There are a very large number of changes, so older changes are hidden. Show Older Changes

Mentioned in SAL (#wikimedia-operations) [2020-04-27T20:28:40Z] <hknust> holger@mwmaint1002 Restarting uppercaseTitlesForUnicodeTransition.php as part of T219279 for 2 wikis

Mentioned in SAL (#wikimedia-operations) [2020-04-27T20:55:56Z] <hknust> holger@mwmaint1002 END (enwiki=success, frwiki=fail) uppercaseTitlesForUnicodeTransition.php as part of T219279

@tstarling enwiki worked. frwiki failed. I don't have permissions to view the 332 filter rule.

@tstarling enwiki worked. frwiki failed. I don't have permissions to view the 332 filter rule.

Hi, this frwiki filter is throttle for renames. I've made it temporary public and added exception for this account, it should not block the script again.

@tstarling enwiki worked. frwiki failed. I don't have permissions to view the 332 filter rule.

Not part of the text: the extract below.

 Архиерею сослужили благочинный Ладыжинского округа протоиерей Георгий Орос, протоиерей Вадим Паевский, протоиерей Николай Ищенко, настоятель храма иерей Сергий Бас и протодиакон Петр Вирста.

Hi, this frwiki filter is throttle for renames. I've made it temporary public and added exception for this account, it should not block the script again.

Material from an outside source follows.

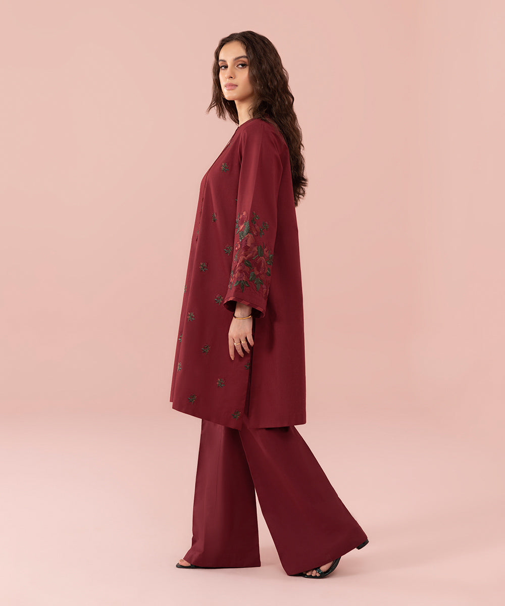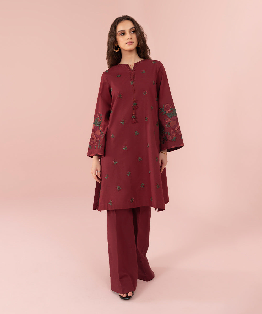 Our collection features traditional patterns and ethnic flair. Opt for our red two-piece ensemble!

[unrelated] @Framawiki the condition & !('Page automatiquement déplacée lors du renommage de l’utilisateur' in summary) is probably no longer needed, since filters are skipped automatically when users are being renamed

Mentioned in SAL (#wikimedia-operations) [2020-04-28T13:30:58Z] <hknust> Restarting uppercaseTitlesForUnicodeTransition.php as part of T219279 for frwiki

Mentioned in SAL (#wikimedia-operations) [2020-05-01T13:06:27Z] <hknust> holger@mwmaint1002 Starting renameInvalidUsernames.php as part of T219279

Mentioned in SAL (#wikimedia-operations) [2020-05-01T14:18:13Z] <hknust> holger@mwmaint1002 finished renameInvalidUsernames.php (fail) as part of T219279

Where is this now? Did the maintenance script actually run?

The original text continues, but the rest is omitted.